At the Scottish Design Show, held on 6 and 7 October, Trevor Davies, the convener of Edinburgh City Council’s Planning And Development Quality Sub-Committee, said that trying to secure quality development on the Waterfront while working with the builders of mass housing was “very hard”. “We are trying to have a kind of thoughtfulness. We have to work with the Barratt and the Persimmon and the Wimpeys to deliver that vision and that makes it very hard,” he said.

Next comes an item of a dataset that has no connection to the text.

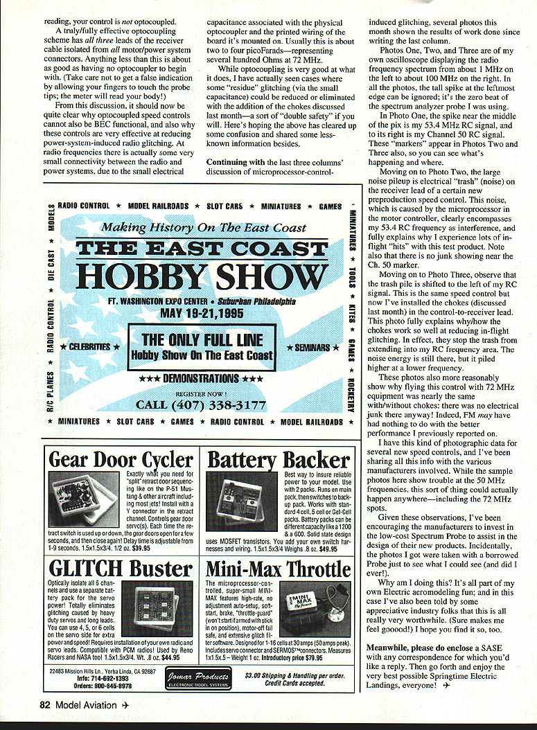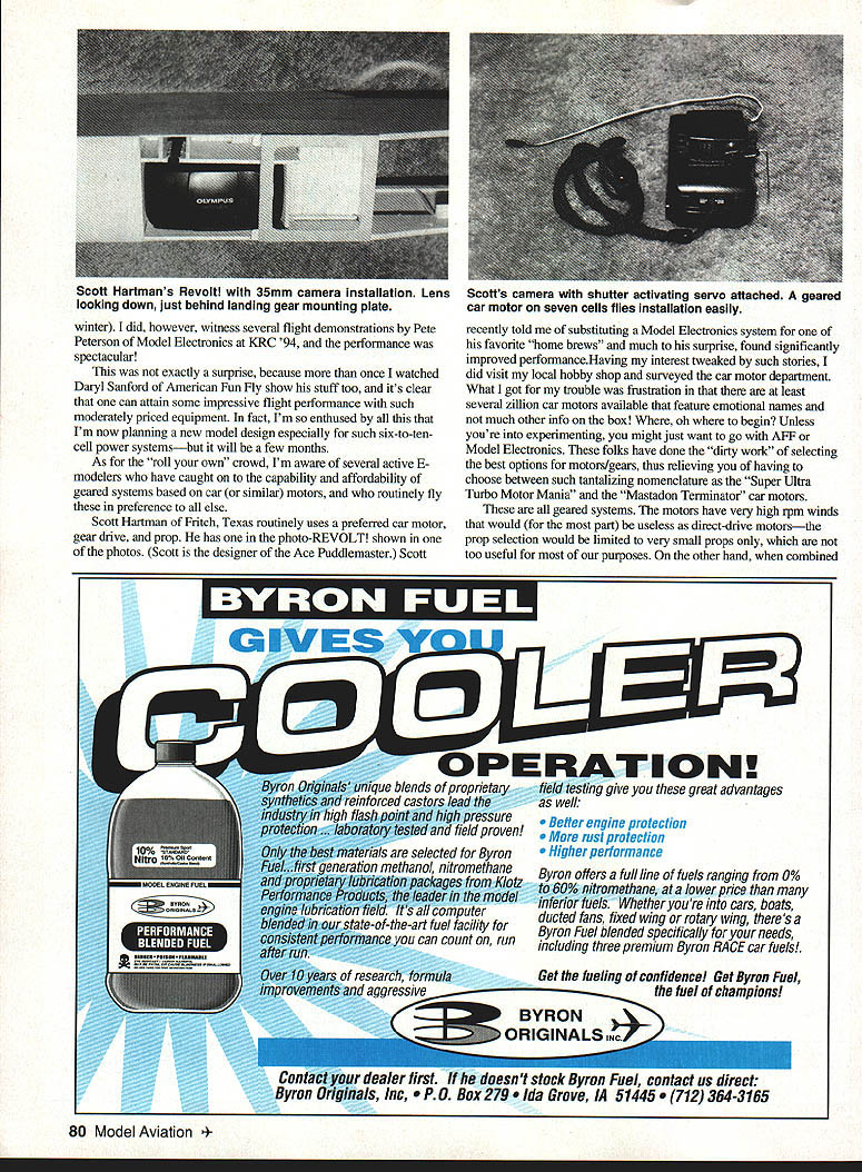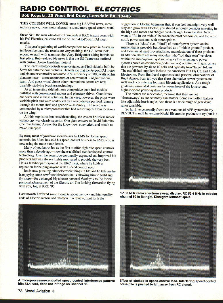 RADIO CONTROL ELECTRICS N 4-YEU COLUMN WILL COVER some big USA/FAI news some industry news motor alternatives speed-control stuff Steve Neu man dazzled hundreds KRC past years FM Electrics called tell 94 E-Power FAI meet results years gathering world competitors took place Australia November results very exciting US Team took second overall team member Jerry Bridgeman iaking individual first place Butrelated big news US Team outfitted custom Aveox brushless motors teams motor controls designed individually built Steve extreme compactness tells Aveox FM motor motor controller measured 90% efficiency 3000 watts dynamometerto unheard-of achievement Congratulations team guess what Some other international teams now carefully studying brushless technology As interesting sidelight competitive team models ouffitted conventional motors planetary drives Gear drives never used activities case however props variable pitch controlled servo-driven pushrod running through motor shaft gear-drive assembly servo commanded microprocessor sensor inputs locations wing sophistication notwithstanding Aveox brushless motor technology clearly superior giant attaboy David Palombo man behind Aveox know-how conviction moxie make happen now have seen ads EMS Jomar speed controls Joe Utasi has sold speed-control business EMS now using trade name Jomar know Joe first offer high-rate speed controls decade agonow established standard speed-control technology Over years Joe continually expanded improved products always highly motivated provide very best Hes familiar participant KRC meet holds reputation helping anyone speed control need Joe now pursuing other electronic things life tells enjoying some newfound freedom thats allowing him build fly morefor change sincere personal thank Joe personal advancement Electric art Im looking forward flying Joe KRC 95 Last month offered some thoughts about low- high-quality ends Electric motors chargers review put forth suggestion Electric beginners feel might very well stay grow Electric should seriously consider investing high-end motor charger products right start Now want fill middle between economical cosfly power systems options class ie kind motor/power system market probably best described middle ground product least two established manufacturers products addition modelers roll own versions within motor/power system categoryIm referring power systems based car motors derivatives ouffitted gear drives powered six 10 cells typically turn large folders established suppliers include American Fun Fly Co Model Electronics first-hand experience personal observations flight demos can tell alternative power systems well worth considering Electric applications As rough guideline associated costs between lowest- highest-priced power-system products motors serviceable meaning throwaways economy can motors Some offer features like adjustable brush angle wide range gear drive ratios available So far Ive personally flown two versions AFF systems REVOLTs have some Model Electronics products try its 78 Modei Aviation 0 MHz radio spectrum sweep display RC 534 MHz middle channel 50 its right Disregard leftmost spike microprocessor-controlled speed control interference pattern hits 534 hard does infringe Channel 50 Effect chokes speed-control lead Interfering speed-control noise pile pushed left away RC signal winter did however witness several flight demonstrations Pete Peterson Model Electronics KRC 94 performance spectacular exactly surprise because once watched Daryl Sanford American Fun Fly show stuff too its clear can attain some impressive flight performance such moderately priced equipment fact Im enthused Im now planning new model design especially such six-to-tencell power systemsbut will few months As roll own crowd Im aware several active E modelers have caught capability affordability geared systems based car similar motors routinely fly preference else Scott Hartman Fritch Texas routinely uses preferred car motor gear drive prop has photo-REVOLT shown photos Scott designer Ace Puddlemaster Scott recently told substituting Model Electronics system favorite home brews much surprise found significantly improved performanceHaving interest tweaked such stories did visit local hobby shop surveyed car motor department What got trouble frustration least several zillion car motors available feature emotional names much other info box oh begin Unless youre experimenting might just want go AFF Model Electronics folks have done dirty work selecting best options motors/gears thus relieving having choose between such tantalizing nomenclature Super Ultra Turbo Motor Mania Mastadon Terminator car motors geared systems motors have very high rpm winds would part useless direct-drive motorsthe prop selection would limited very small props too useful purposes other hand combined 80 Model Aviation t Hartmans Revolt 35mm camera Installation Lens looking down just behind landing gear mounting plate Scotts camera shutter activating servo attached geared car motor seven cells flies installation easily full line fuels ranging 0% banA ata lower price youre cars boats UUUWU IdiIS wwu wing rotay wing theres Byron Fuel blended specifically needs including three premium Byron RACE car fuels Get fueling confidence Get Byron Fuel sivethe fuel champions aler first , doesnt stock Byron Inc ox 279 Grove IA gear drives turning large props motors afford much performance flying fun course model design lends itself well large prop large folding prop some judgment required plan have detailed info product choices applications future now suggest send info suppliers get feel whats available American Fun Fly Co 7543 Maple Ave Pulaski NY 13142 Tel 315 298-3630 315 676-4988 Model Electronics 6500 6th Ave NW Seaffle WA 98117 Tel 206 7827458 February issue has out about two weeks readers reacting strongly speed-control discussion therein Im seeing lot reader interest because lot readers experiencing glitching problems also bec

Davies declined to comment on individual applications, but insisted that they had no defined system for ensuring quality. “We’re not looking for iconic architecture all the time; sometimes we need just plain and straightforward. I don’t care where that comes from, whether things are in-house or whether they are sourced from talented architects. It’s the product in front of us. We will accept or reject bad product wherever it comes from. If designs forget issues of place, then we get bad buildings and I would suggest that big house builders do it more than smaller ones. Not always, but generally. However, we need thoughtfulness, and I don’t care where that comes from,” he said. Burrell insisted that the scheme from Waterfront Edinburgh was the worst he had seen in the area. “Design is value. Is that a joke?” said Burrell, referring to an Edinburgh City Council advertisement.

“We’ve come to expect this kind of thing from Andrew Burrell. We won’t be making any further comment,” said Mette Friis, marketing manager of Waterfront Edinburgh.